PQL Examples
This page serves as a quick reference as you embark on your journey with PQL. These queries use the Twitter Bots dataset, but can be easily modified for your use case.
Introduction
Definitions
SQL: Structured Query Language
PQL: Predictive Query Language (an extension of SQL!)
Overview
In SQL, you typically query against a database, which contains one or more tables. Each table is identified by a name (e.g. "Customers" or "Orders") and tables contain records (rows) with data.
In PQL, you treat your datasets as individual tables that you can query and run predictions against.
- SQL/PQL keywords are NOT case sensitive: select is the same as SELECT. Upper-case is used below as a common practice for readability, but is not necessary.

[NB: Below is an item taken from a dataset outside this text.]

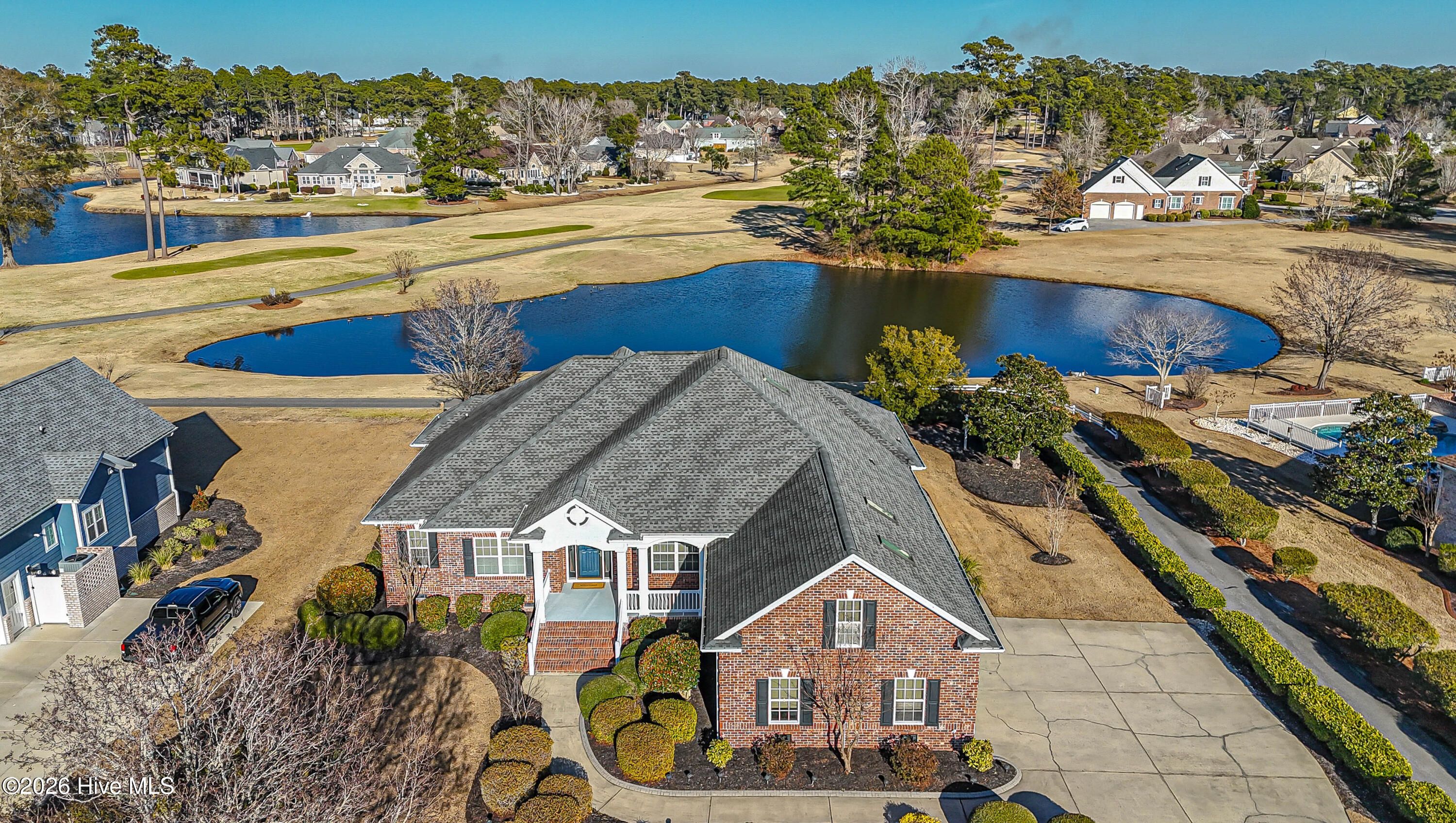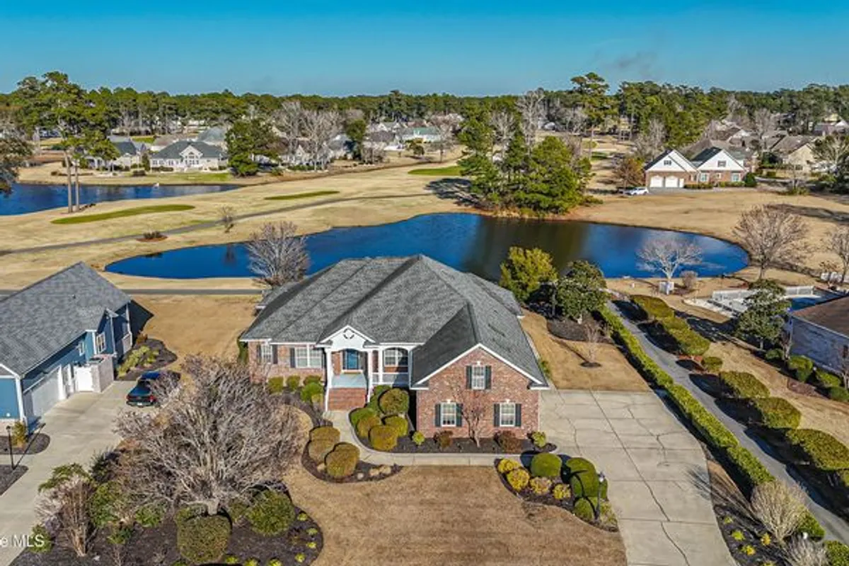 Beautifully upgraded and recently remodeled home with rare golf and pond views in the amenity-laden community of Brunswick Plantation. All of the updates have been done at the owner's expense so move right in and start living the good life in Coastal NC. Enter the front door and note the beautiful hardwood floors leading you through the main living spaces. The marble framed fireplace in the great room draws you in. Arrive in the updated kitchen: all new appliances, statuario blue quartzite countertops, a stylish backsplash and built-in corner cabinet. Go with the flow to the office with double glass doors and built-in bookshelves.The primary bedroom is on the opposite side of the great room providing privacy. Its bath has a new tiled walk-in shower, new fixtures, vanity, and flooring. New carpet, fresh paint, and custom shelving was added in the primary bedroom closet. Two guest bedrooms, 2 full bathrooms, a bonus room, and heated/cooled storage complete the indoor space. The hidden improvements: reverse osmosis system for the kitchen and fridge and whole home water filtration system. Brunswick Plantation is a gated community with top notch amenities including a golf clubhouse/restaurant, 27 holes of world class golf, outdoor pools, a heated indoor pool, fitness center, pickleball/tennis courts, and just a short drive into Calabash for fresh seafood & restaurant options. Phenomenal location as it's only a 10 minute to the sand on Sunset Beach, 10 minutes into North Myrtle Beach for even more shopping/restaurants, and you're surrounded by incredible golf courses. This home is truly move-in ready!

- In PQL, semicolons are optional unless you are writing multiple commands in one query.
Part 1: Exploring your data (SQL Review)
SELECT keyword
Fetch the entire dataset; query time depends on the size of the dataset
SELECT * FROM twitter_bots;
Fetch sample of 20 rows
SELECT * FROM twitter_bots LIMIT 20;
Fetch specific columns from those 20 rows
SELECT description, followers_count, screen_name FROM twitter_bots LIMIT 20;
DISTINCT keyword
Determine the unique values for a given field (i.e. unique languages)

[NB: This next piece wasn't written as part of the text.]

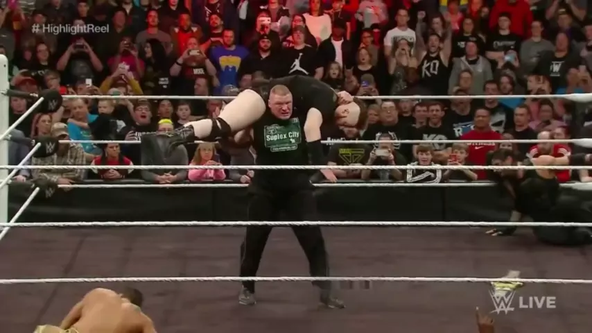 Roman Raines Rom b n R f sinaliza e Brock Lesner Bro d k L f s n b r aparece em "Th f highlight R f f l".

SELECT DISTINCT lang FROM twitter_bots;
Determine the count of unique values for a given field (i.e. # of unique languages)
SELECT COUNT(DISTINCT lang) FROM twitter_bots;
WHERE keyword
Filter rows using the WHERE syntax
SELECT * FROM twitter_bots WHERE verified = True;
Filter rows where verified is not equal to true (i.e. false)

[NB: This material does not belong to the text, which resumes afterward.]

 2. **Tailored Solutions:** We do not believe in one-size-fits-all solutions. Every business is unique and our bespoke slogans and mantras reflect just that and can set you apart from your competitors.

SELECT * FROM twitter_bots WHERE verified <> True;
BETWEEN keyword
Filter rows where friends_count is between two values.
- Note: Numerical values don't need quotes
SELECT * FROM twitter_bots WHERE friends_count BETWEEN 100 and 1000;
LIKE keyword
Filter by rows where the description contains the word 'bot'
- Note: % indicates a wildcard.
SELECT * FROM twitter_bots WHERE description LIKE '% bot %';
IN keyword
Filter by specified values for a categorical feature
SELECT * FROM twitter_bots WHERE lang IN ('en', 'ca');
AND / OR keyword
You can also use AND, OR in your queries to combine conditions
SELECT * FROM twitter_bots WHERE friends_count < 100 AND (lang='en' OR lang='ca');
ORDER BY keyword
ORDER BY allows you to sort the results by a given field.
Default ORDER BY is ascending order ASC
SELECT * FROM twitter_bots ORDER BY account_age_days DESC;
Use Single Quotes for String Literals
In keeping with the ANSI-SQL standard, remember to use single quote ('), not double quotes ("), when referring to strings
SELECT * FROM twitter_bots WHERE lang <> 'en';
Find Degree of Imbalance
To understand how your data is distributed, you can write a query that returns the number of occurrences for each unique value.
SELECT account_type, count(*) FROM twitter_bots
GROUP BY account_type;
Part 2: Model Performance with PQL
Run inference (with default model)
Run inference using a given target (i.e. account_type)
PREDICT account_type GIVEN
SELECT * FROM twitter_bots LIMIT 20;
Run inference (with confidence)
PREDICT account_type WITH CONFIDENCE GIVEN
SELECT * FROM twitter_bots LIMIT 20;
Run inference (with explanations)
PREDICT account_type WITH EXPLANATION GIVEN
SELECT * FROM twitter_bots LIMIT 20;
Evaluate Keyword
EVALUATE allows you to view model performance metrics given different slices of your data.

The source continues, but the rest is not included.